Drugi argument, który pojawia się w dyskusjach, sprowadza się do tego, że Kreml bez odbiorców w Europie nieźle sobie poradzi. Przykładowo, w ostatnich dniach państwowy koncern energetyczny Korei Południowej potwierdził, że nie ma zamiaru rezygnować z rosyjskiego LNG i będzie płacić Moskwie za surowiec w dolarach. Oczywistością jest też, że Chiny – nawet jeśli poirytowane wywołaną przez Kreml awanturą w Europie – nie pogardzą zwiększonymi dostawami z Rosji. W Azji znajdzie się też wielu innych graczy, którzy mogliby wypełnić lukę po Europie: w Indiach jest w tym sezonie olbrzymi deficyt węgla (indyjska energetyka węglem stoi, a zaczyna się właśnie – wyjątkowo gorący w tym roku – sezon letni, miliard Hindusów włącza właśnie klimatyzatory), bankrutująca Sri Lanka nie ma ani kropli ropy w magazynach, więc przy odpowiednio odłożonej płatności wzięłaby zapewne każdą ilość surowca po każdej cenie.
I ta cena jest tu bardzo istotnym czynnikiem: w przededniu ataku na Ukrainę cena ropy na światowych rynkach sięgała mniej więcej 96 dol. za baryłkę. W ostatni piątek przebijała pułap 119 dolarów, czyli przeszło 20 proc. więcej. Oznacza to ni mniej ni więcej, że Kreml - jeśli znalazłby klientów na surowiec nie sprzedany Europie - mógłby zarobić na jego sprzedaży znacznie więcej. Zatem uspokojenie sytuacji na rynkach i idące za tym zbicie cen byłoby dyskretniejszym i skuteczniejszym sposobem zaszkodzenia rosyjskiej machinie wojennej.
Obojętność Teksańczyków
Gdzieś w tle potencjalnego manewru Ursuli on der Leyen jest też pewne rozczarowanie aliantami zza Atlantyku. Jak wielokrotnie pisaliśmy na łamach „Rzeczpospolitej” nieliczne państwa w Europie mają dziś szansę znalezienia alternatywnych dostawców surowców energetycznych.
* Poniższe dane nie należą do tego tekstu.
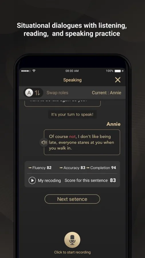 *AI pronunciation analysis: Situational dialogues with listening, reading, and speaking practice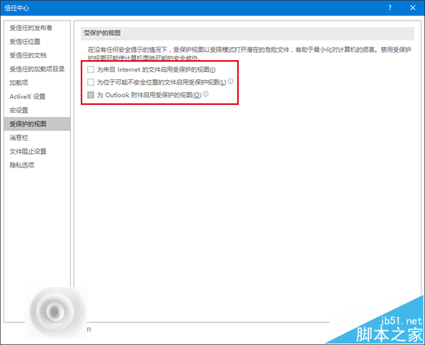 5、在左侧列表中选择“受保护的视图”,然后取消勾选右侧三个选项后,点击“确定”,如下图——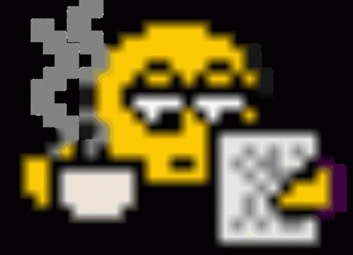 Paglalarawan ng Content: a pixel art of a smiley face holding a cup of coffee and a piece of paper
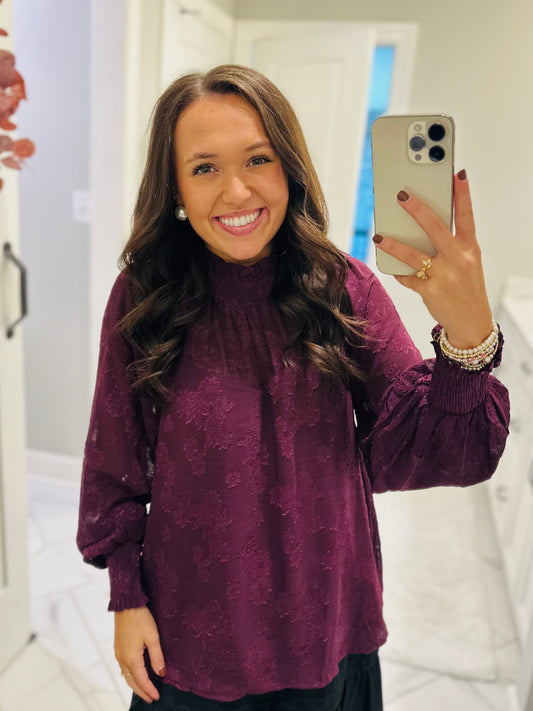The Ava Plum Floral Jacquard Top
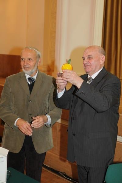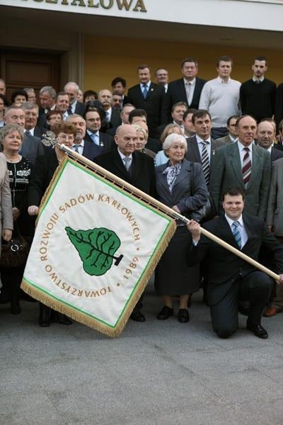 Gratulując Towarzystwu, prof. dr hab. Kazimierz Tomala powiedział m.in., że „mieliśmy szczęście mieć osoby z wizją sadownictwa i które tę wizję umiały realizować. Wiadomo, że wszystko zależy od ludzi. Profesor Makosz miał szczęście do ludzi ponadprzeciętnych, ale bez niego ich by nie było”. Symboliczne kryształowe jabłko – symbol uznania Instytutu Sadownictwa i Kwiaciarstwa w Skierniewicach wręczył prof. Makoszowi profesor Augustyn Mika (fot. 2). Piotr Kaczor, prezes Stowarzyszenia Polskich Szkółkarzy podkreślał, że „20 lat działalności to szmat czasu, bo zwykle polskie organizacje działają krótko i kłótliwie”.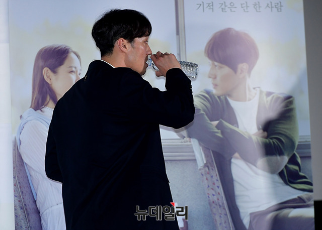 배우 소지섭이 6일 오후 서울 광진구 롯데시네마 건대입구에서 열린 영화 '지금 만나러 갑니다(감독 이장훈)' 언론시사회에서 물을 마시며 자리를 나서고 있다. '지금 만나러 갑니다'는 일본 동명의 소설을 원작으로 세상을 떠난 수아(손예진)가 기억을 잃은 채 우진(소지섭) 앞에 다시 나타나면서 시작되는 이야기 그렸다. 오는 14일 개봉.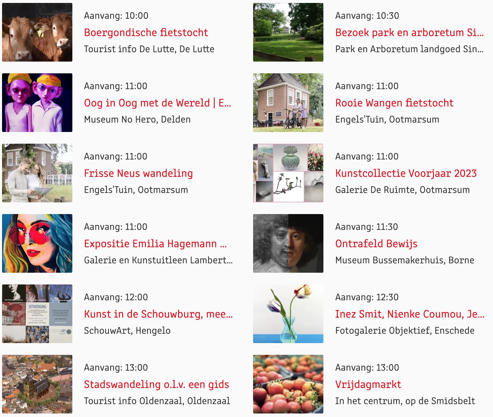 Voor een actueel overzicht kijk op: www.visittwente.nl/uitagenda of www.uittwente.nl. Evenementen en activiteiten aanmelden kan via de plaatselijke VVV/Tourist Info en redactie@twentejournaal.nl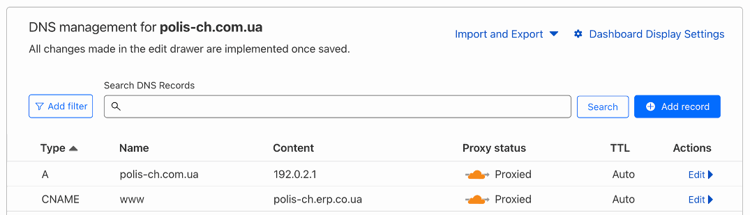 - Запис із типом CNAME для субдомену www з посиланням на вашу базу my-company.erp.co.ua також із включеним проксі Cloudflare (помаранчева хмара).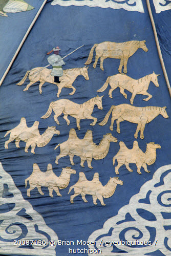 Detail of ancient silk tapestry depicting man on horseback herding camels and horses in Ulan Bator Museum..Ulaanbaatar East Asia Asian Baator Equestrian Male Men Guy Mongol Uls Mongolian Ulaan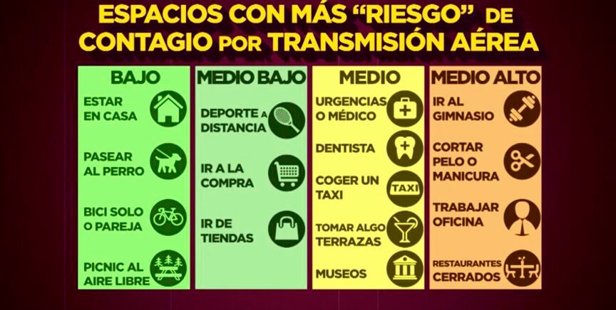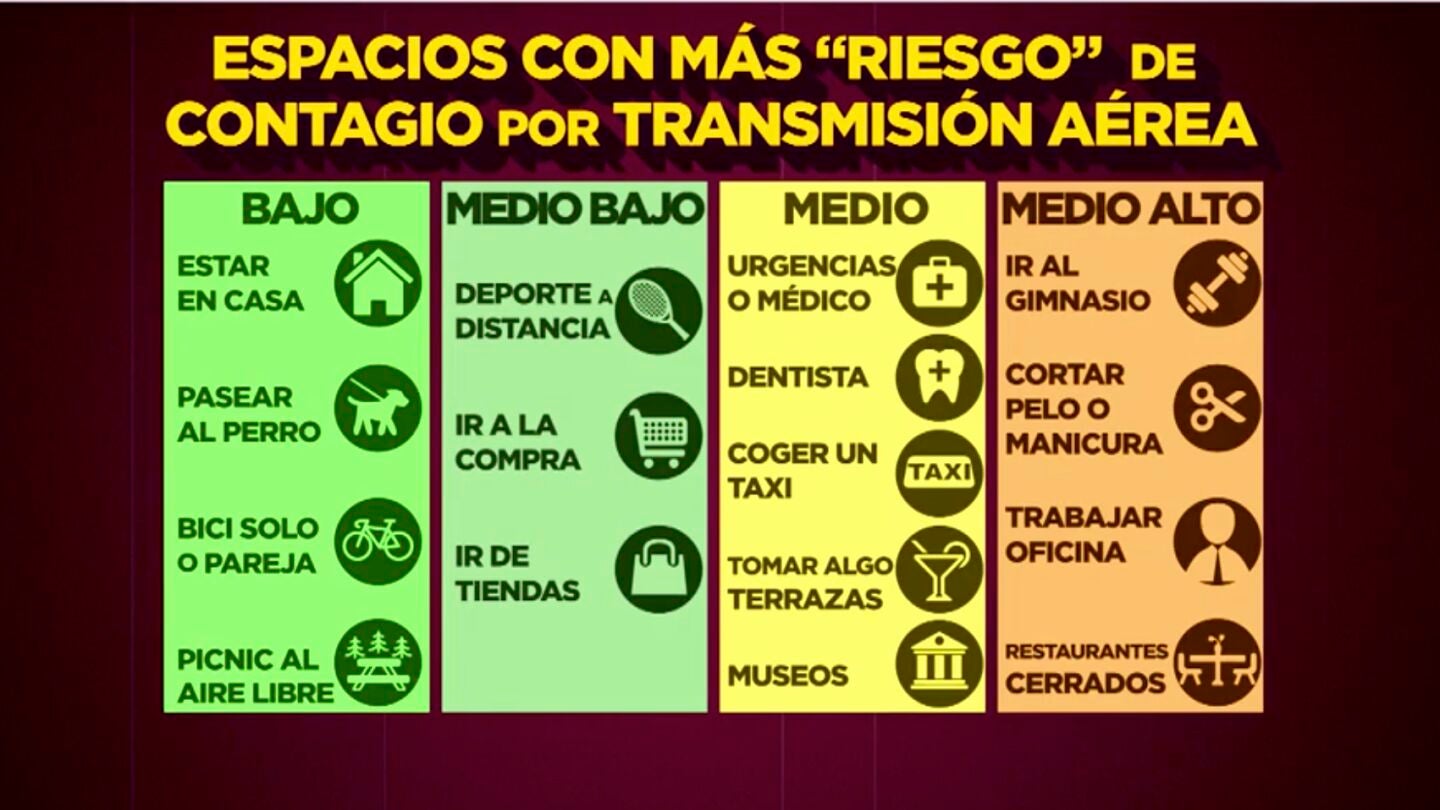 Boticaria García también explica cuáles son los espacios de contagio por transmisión aérea. Por ejemplo, entre los espacios de riesgo bajo están estar en casa o pasear al perro mientras que en el riesgo medio-bajo se encuentran hacer deporte a distancia o ir a la compra.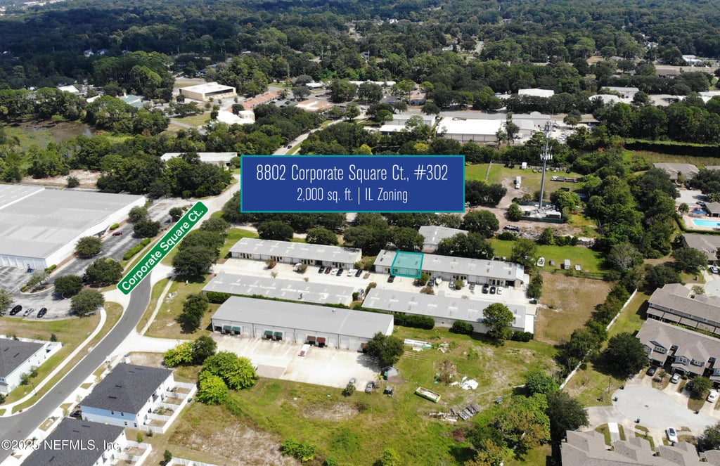 8802 Corporate Square Court is located in Jacksonville's Southside sub-market, positioned in a well-regarded industrial/business park just off I-295. The property spans roughly 29,680 SF across four flexible buildings, with spaces available in the 920 +/- SF - 1,840 +/- SF range. Each double unit contains two 12' wide × 12' high roll-up doors and high clear heights (approximately 14 ft), enabling efficient loading and access. The premises offers air-conditioned offices and bathrooms, ideal for tenants seeking a combination of warehouse, light manufacturing, or distribution functionality. -Highly desired industrial park -Close to I-295 -Zoned Industrial Business Park (IBP) -NNN Expense $4.50 p.s.f.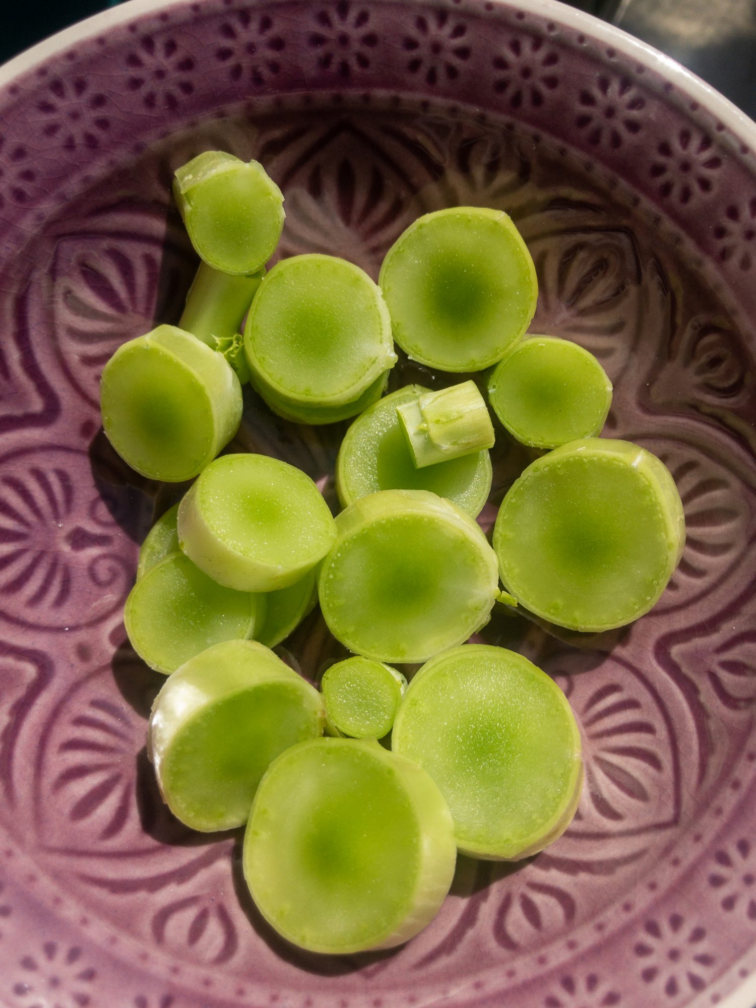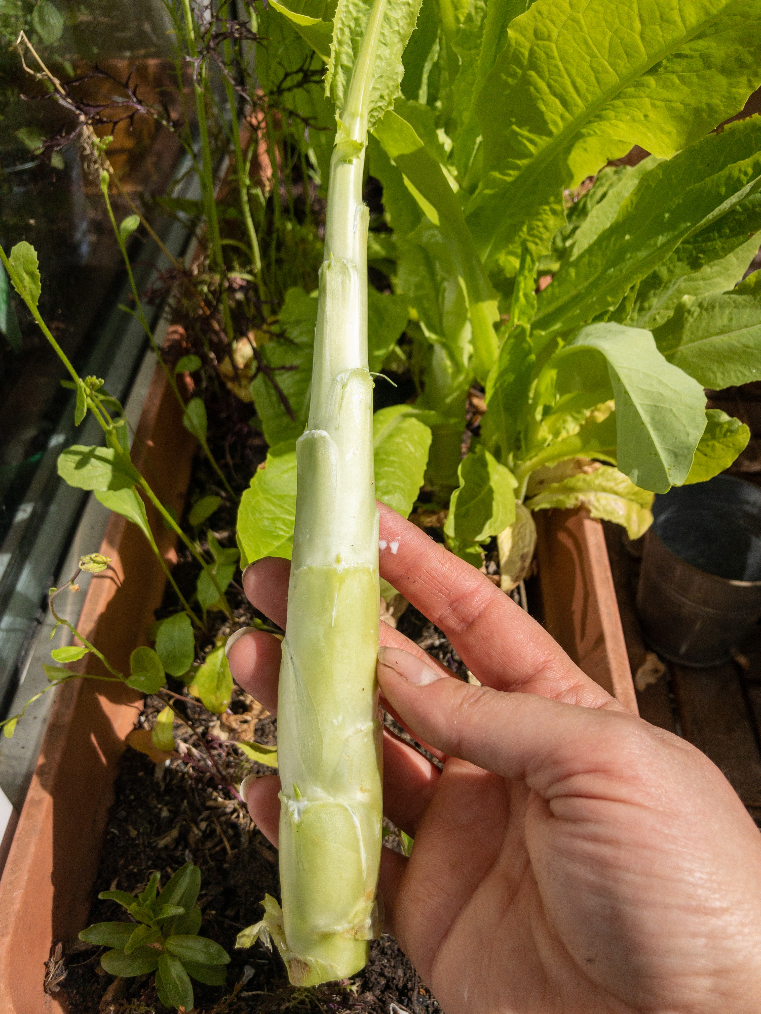 Die Salatstangen sind wirklich lecker und ich esse sie sehr gerne. Ungefähr Daumendick schmecken sie am Besten. Dann haben sie einen leicht nussigen, intensiven Salatgeschmack mit einem dezent bitteren Unterton. In Scheiben geschnitten esse ich ihn am liebsten in einem frischen, gemischten Salat. Die Stangen breche ich ab und schneide sie in Scheiben. Sind die Blätter noch nicht bitter, werden sie abgezupft und kommen auch in den Salat. Der Spargelsalat kann auch ganz kurz in etwas Öl angebraten werden. Soooo lecker.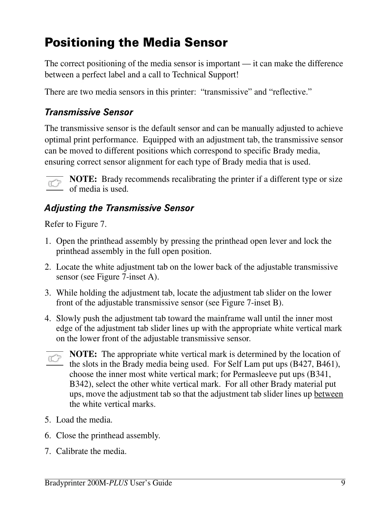 ensuring correct sensor alignment for each type of Brady media that is used.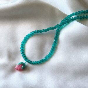 Elegancki, ręcznie robiony naszyjnik z zielonych koralików, ozdobiony zawieszką w kształcie soczystej, różowej malinki. Połączenie głębokiej zieleni z subtelnym różem nadaje mu wyjątkowego charakteru – dziewczęcego, świeżego i pełnego lekkości. Zapięcie wykonane ze stali chirurgicznej jest bezpieczne dla wrażliwej skóry i zapewnia komfort noszenia. Długość standardowa: ok. 42–43 cm. Ręczne wykonanie: każdy egzemplarz może delikatnie…
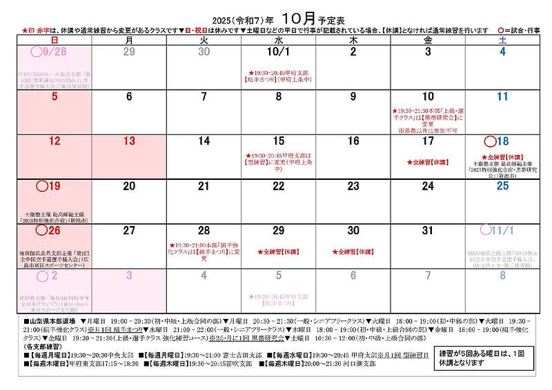 ▼ 10月15日 (水) 19:30-20:45 【型練習】 (甲府上条中)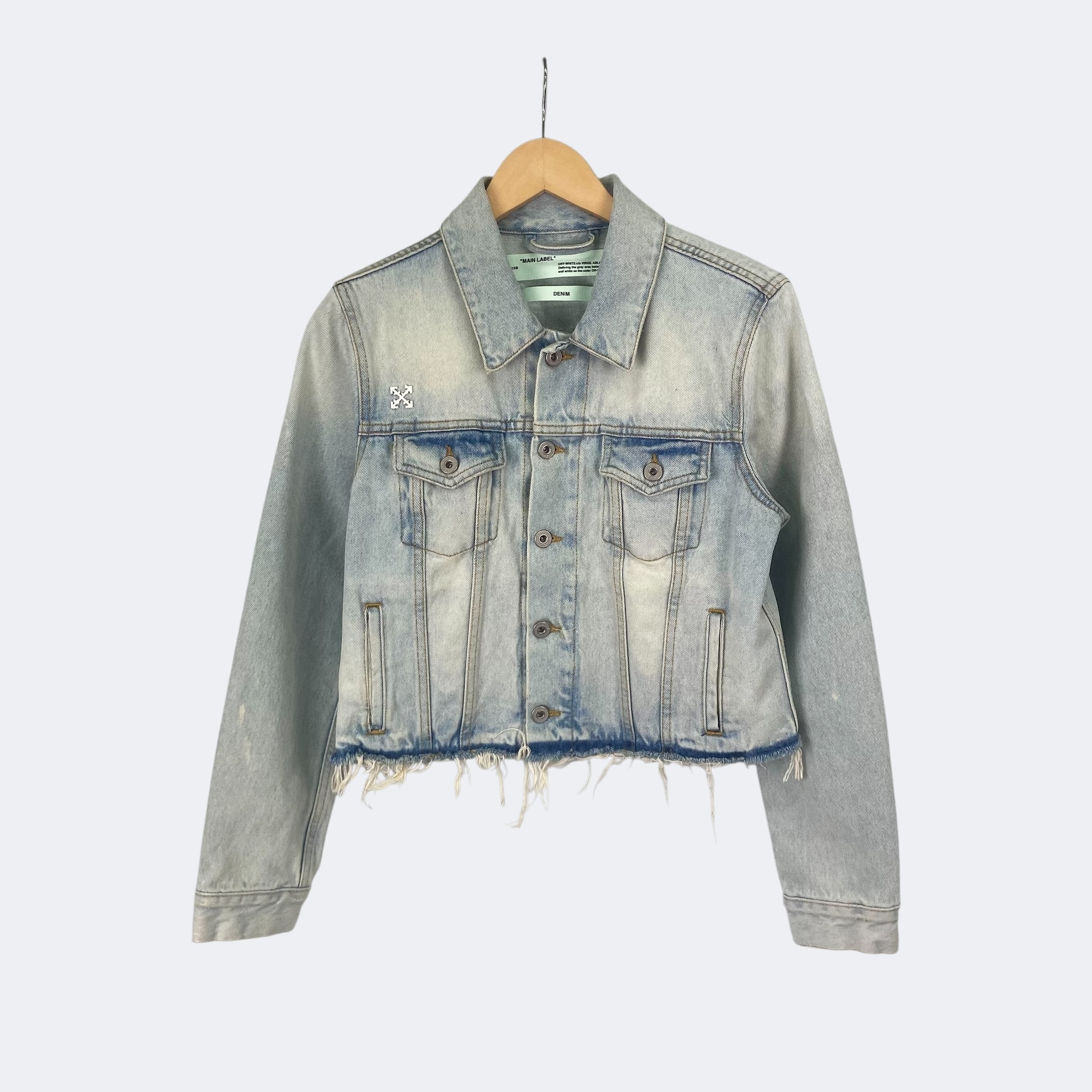 OFF-WHITE レディース デニム ジャケット オフホワイト クロップド ショート丈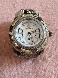 Orologio al quarzo originale Glam Rock in pelle di pitone. Mai usato. Batteria da inserire. Analogico, con cronografo. resistente all'acqua 10 atmosfere, cassa in acciaio inox spessore 12mm, diametro 46 mm, peso 110 g, quadrante bianco, cinturino in pelle di pitone.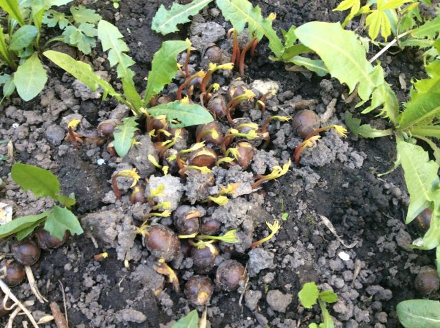 Постоје два начина за узгој орашастог кестена код куће. Садни материјал се сакупља и чува до пролећа, затим клија и сади на локацији. Друга опција - јесењи плодови су закопани у рупу, на пролеће ће сами клијати. Предрасли кестен за пролећну садњу:

Polska jest w o tyle komfortowej sytuacji, że oderwanie się od rosyjskiego gazu planowała od lat, więc zdążyła podpisać odpowiednie kontrakty i niemal zdążyła wybudować infrastrukturę. Ale mało który kraj na kontynencie jest w takiej sytuacji. A doświadczenie ostatnich kilku miesięcy potwierdza tylko, że eksporterzy surowców energetycznych wcale nie kwapią się do zastąpienia dostaw z Rosji – to wymagałoby inwestycji, których opłacalności nikt nie może być pewnym.
Dotyczy to w szczególności amerykańskiego przemysłu surowcowego. Amerykańscy nafciarze ledwie dwa lata temu przeżyli szok: pandemia raptownie wyhamowała popyt na surowce, w szczególności na ropę. Wiele prywatnych firm, zwłaszcza mniejszego gabarytu, znalazło się w sytuacji, kiedy nie było komu sprzedawać, a cena nawet miała minusową wartość (20 kwietnia 2020 r. był pierwszy taki dzień w historii, kiedy do sprzedaży ropy właściwie należałoby dopłacać). I mimo że dziś firmy te pompują, ile tchu w piersiach starcza, to jeszcze nie podniosły się po tamtym szoku (również finansowo).
Po tamtym traumatycznym sezonie, amerykańscy nafciarze znaleźli się pod presją Wall Street. – Inwestorzy naciskają dziś, by spółki wydobywcze podzieliły się z nimi zyskami, zamiast pakować pieniądze w długoterminowe inwestycje, zwłaszcza biorąc pod uwagę, że popyt na świecie może się stopniowo zmniejszać wraz z odchodzeniem świata od paliw kopalnych – tłumaczył to w rozmowie z BBC Raoul LeBlanc, wiceprezes S&P Global. – Zatem skoro nie ma w moich akcjach wieloletniej perspektywy, muszę płacić agresywną dywidendę – tłumaczył.
Ta ostrożność w inwestowaniu w nowe moce wydobywcze jest potęgowana innymi rynkowymi trudnościami: przemysł wydobywczy skarży się na wysokie ceny i malejącą dostępność np. rur, które mogą służyć do budowy nowych tras przesyłu, armatorzy zajmujący się transportem surowców też nie rzucili się do budowy nowych jednostek, a większość istniejących – np. służących do transportu LNG – jest dziś zarezerwowana na potrzeby dostaw dla krajów azjatyckich.